• DIRECTIONS FOR THIS TASK
Exact reproduction is required for the lines below starting at the line with "Naszyjnik srebrny Classy" and ending at the line with "Пластиковая лопата Сибртех", both included. No other lines, and no pictures.

══ TASK MATERIAL ══

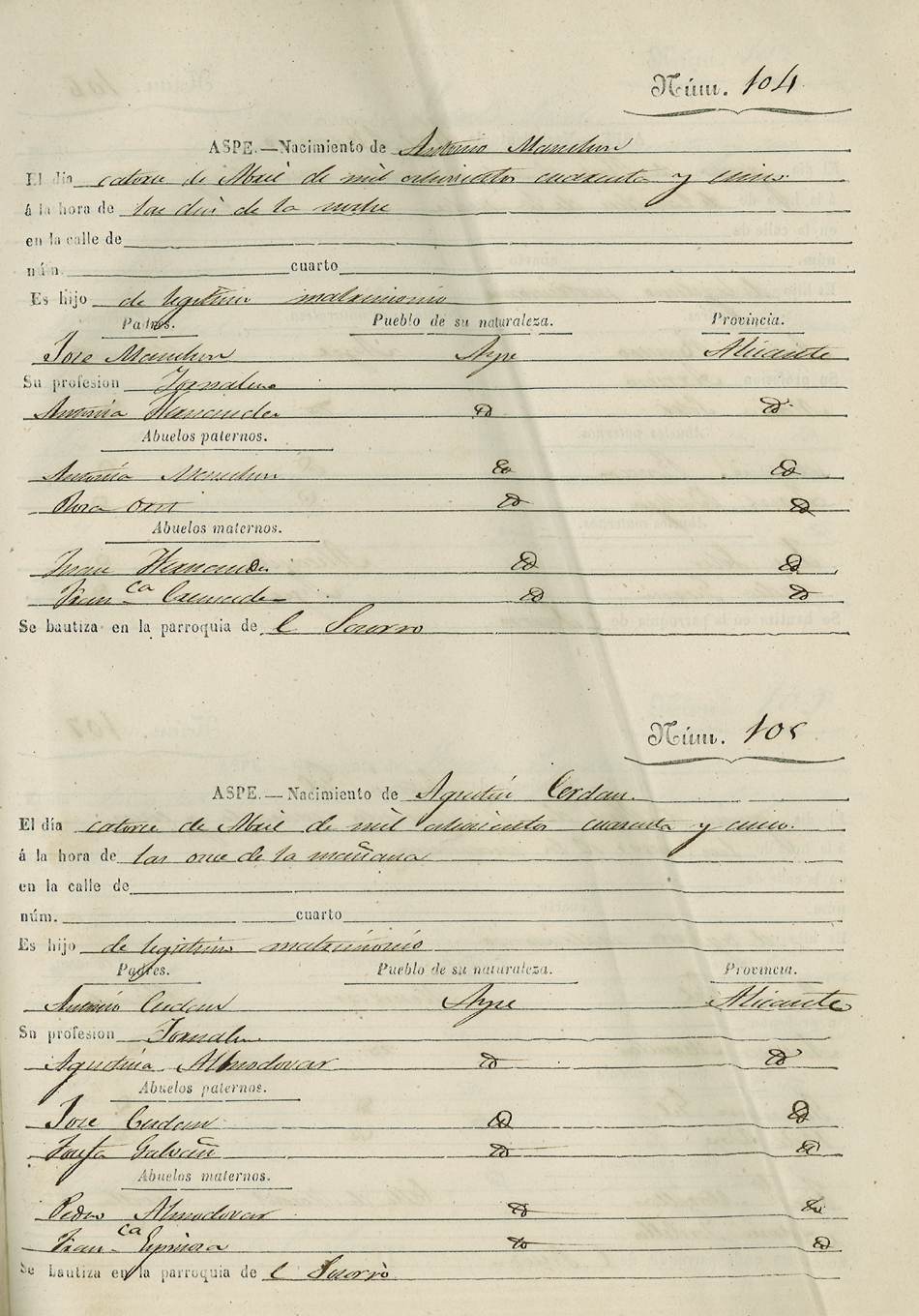 Registro civil de nacidos de la Villa de Aspe
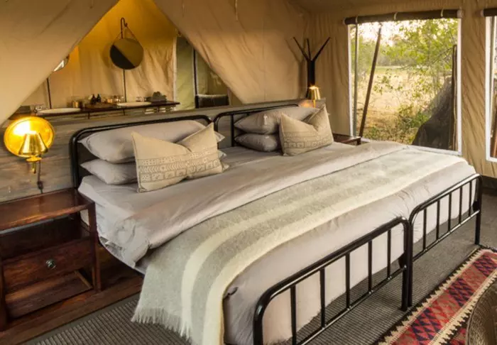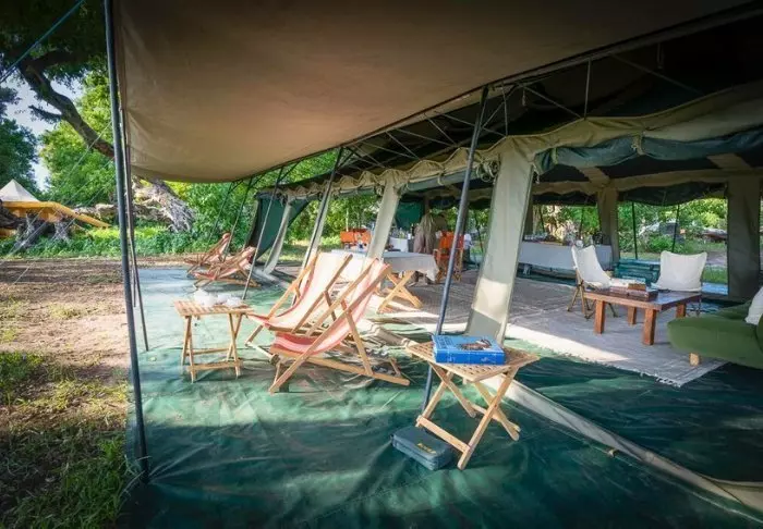 Awaiting you at the two camps, which are located close to each other, but still function completely independently of each other, are a total of 14 fabulous tents, which ARE all classic safari tents, but with (solar) electricity, an en suite bathroom and a private outdoor shower with hot water. From your tent, you have a view of the river or the open savannah, where you may be lucky enough to see the animals pass by during the day. Meals are enjoyed in the cosy mess tent or under the open sky, and at night, you will almost certainly be woken up by animal sounds permeating the canvas walls of your tent.
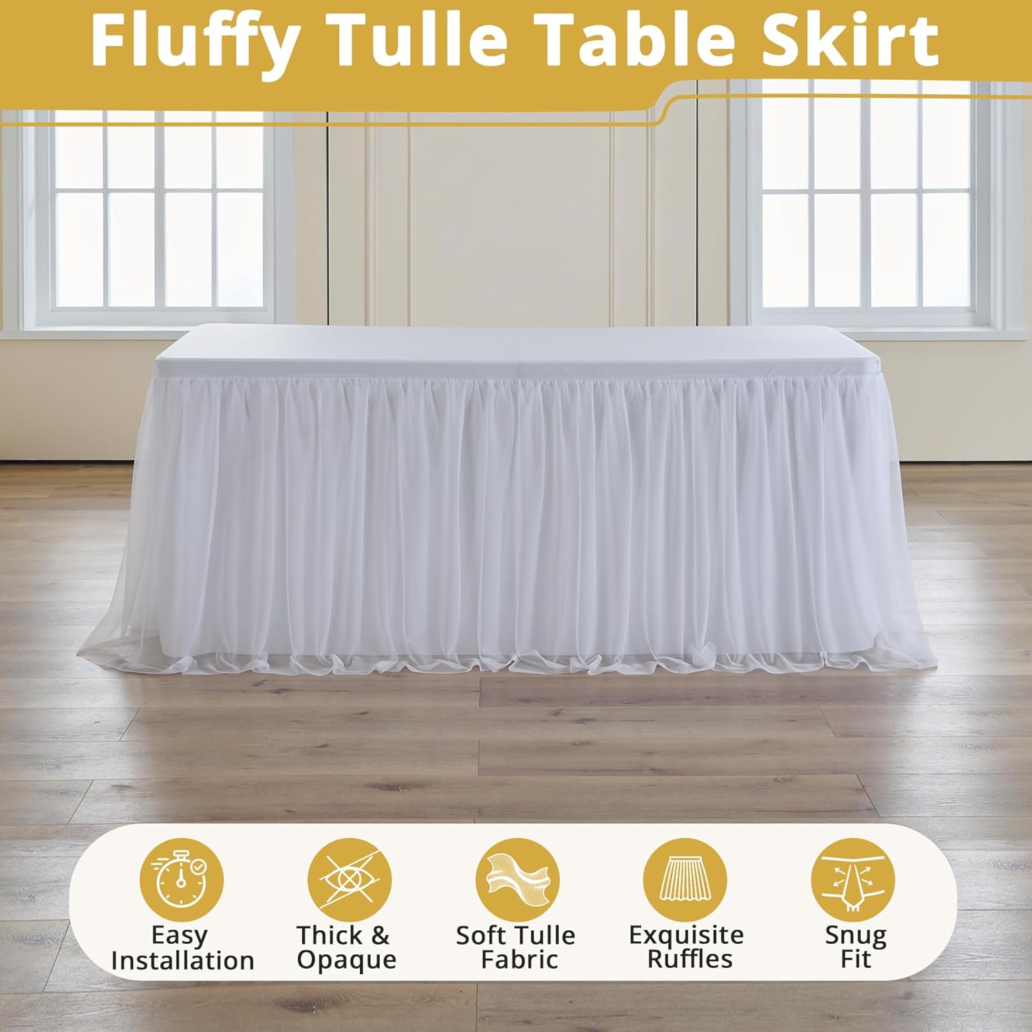 | Additional Features | Rectangle Tables, Spandex Table Cover, Tutu Skirt, White Tulle Tablecloth, Wrinkle Free Tablecloth |
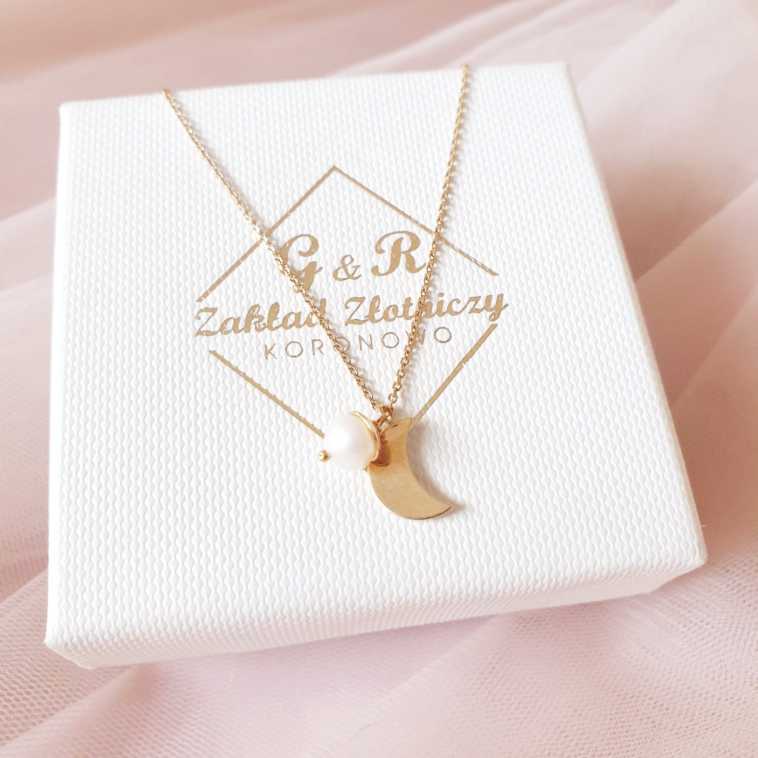 Naszyjnik srebrny Classy z księżycem i perłą - pozłacany
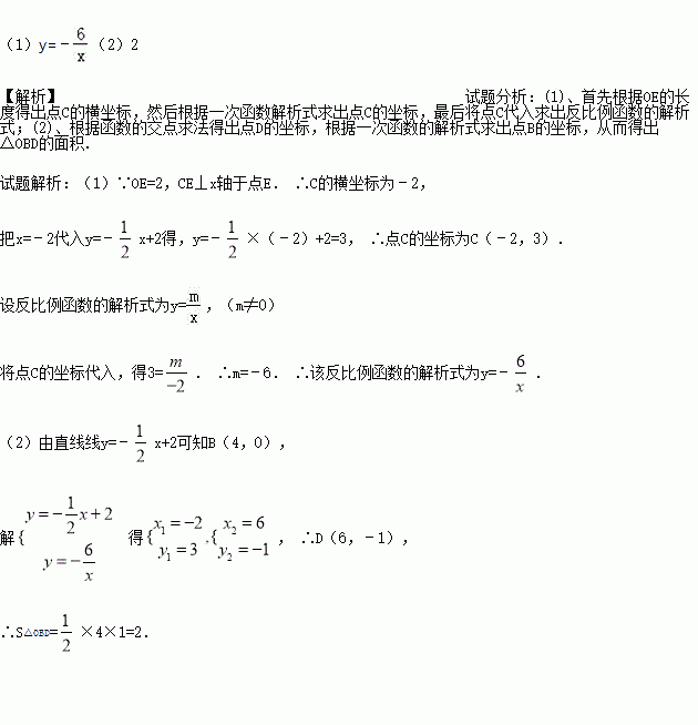 x+2分别与x、y轴交于点B、A,与反比例函数的图象分别交于点C、D,CE⊥x轴于点E,OE=2.
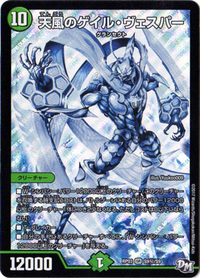 天風のゲイル・ヴェスパー SR 自然文明 (10) クリーチャー:グランセクト 12000 W・シンパシー:パワー12000以上のクリーチャー(このクリーチャーを召喚する時支払うコストは、バトルゾーンにある自分のパワー12000以上のクリーチャー1体につき2少なくなる。ただしコストは0以下にならない) T・ブレイカー 自分の手札にあるクリーチャーすべてに、「W・シンパシー:パワー12000以上のクリーチャー」を与える。
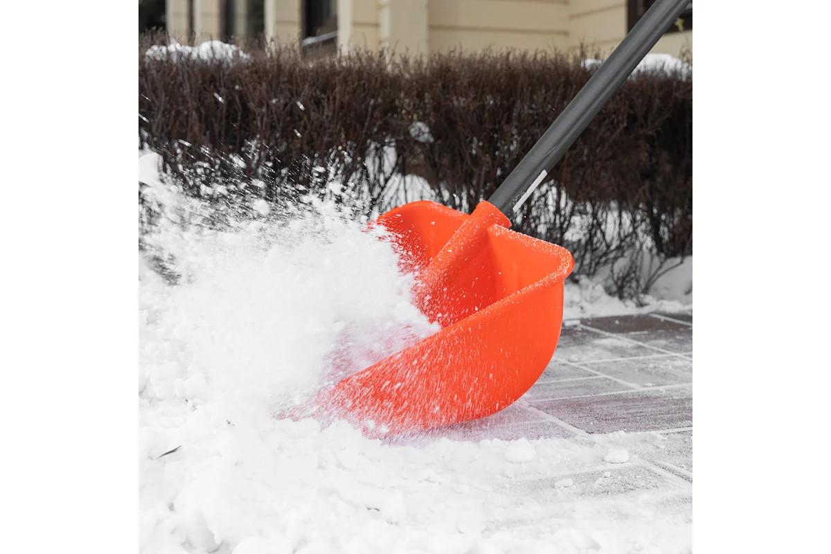 Пластиковая лопата Сибртех 61666 размером 400 х 405 х 1380 мм, со стальным черенком, используется для уборки снега на занесенных дорожках, тротуарах, подъездных путях. Вместительный усиленный ковш с высокими бортиками позволяет быстро справиться с работой. Преимущества: - Надежность — рабочая плоскость, усиленная ребрами жесткости, выдерживает повышенные нагрузки без риска излома. - Высокий ресурс — ковш из морозостойкого полипропилена сохраняет рабочие свойства при температуре до -30 °C. - Устойчивость к истиранию — кромка ковша защищена алюминиевой окантовкой, которая легко проникает в плотный снег и наст. - Защита от механических воздействий и коррозии — алюминиевая накладка покрыта порошковой эмалью.
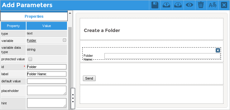 Create a Dynaform named "Add Parameters", where the user will define the name of the folder that will be created. This Dynaform contains a text control related to the folder variable, as shown in the image below.
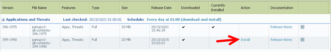 Nota: para actualizar sólo aplicaciones, descargue la última versión de aplicaciones sólo desde el sitio de soporte en https://support.paloaltonetworks.com.

═══

• RESPONSE TO THIS EXERCISE
 Naszyjnik srebrny Classy z księżycem i perłą - pozłacany
 x+2分别与x、y轴交于点B、A,与反比例函数的图象分别交于点C、D,CE⊥x轴于点E,OE=2.
 天風のゲイル・ヴェスパー SR 自然文明 (10) クリーチャー:グランセクト 12000 W・シンパシー:パワー12000以上のクリーチャー(このクリーチャーを召喚する時支払うコストは、バトルゾーンにある自分のパワー12000以上のクリーチャー1体につき2少なくなる。ただしコストは0以下にならない) T・ブレイカー 自分の手札にあるクリーチャーすべてに、「W・シンパシー:パワー12000以上のクリーチャー」を与える。
 Пластиковая лопата Сибртех 61666 размером 400 х 405 х 1380 мм, со стальным черенком, используется для уборки снега на занесенных дорожках, тротуарах, подъездных путях. Вместительный усиленный ковш с высокими бортиками позволяет быстро справиться с работой. Преимущества: - Надежность — рабочая плоскость, усиленная ребрами жесткости, выдерживает повышенные нагрузки без риска излома. - Высокий ресурс — ковш из морозостойкого полипропилена сохраняет рабочие свойства при температуре до -30 °C. - Устойчивость к истиранию — кромка ковша защищена алюминиевой окантовкой, которая легко проникает в плотный снег и наст. - Защита от механических воздействий и коррозии — алюминиевая накладка покрыта порошковой эмалью.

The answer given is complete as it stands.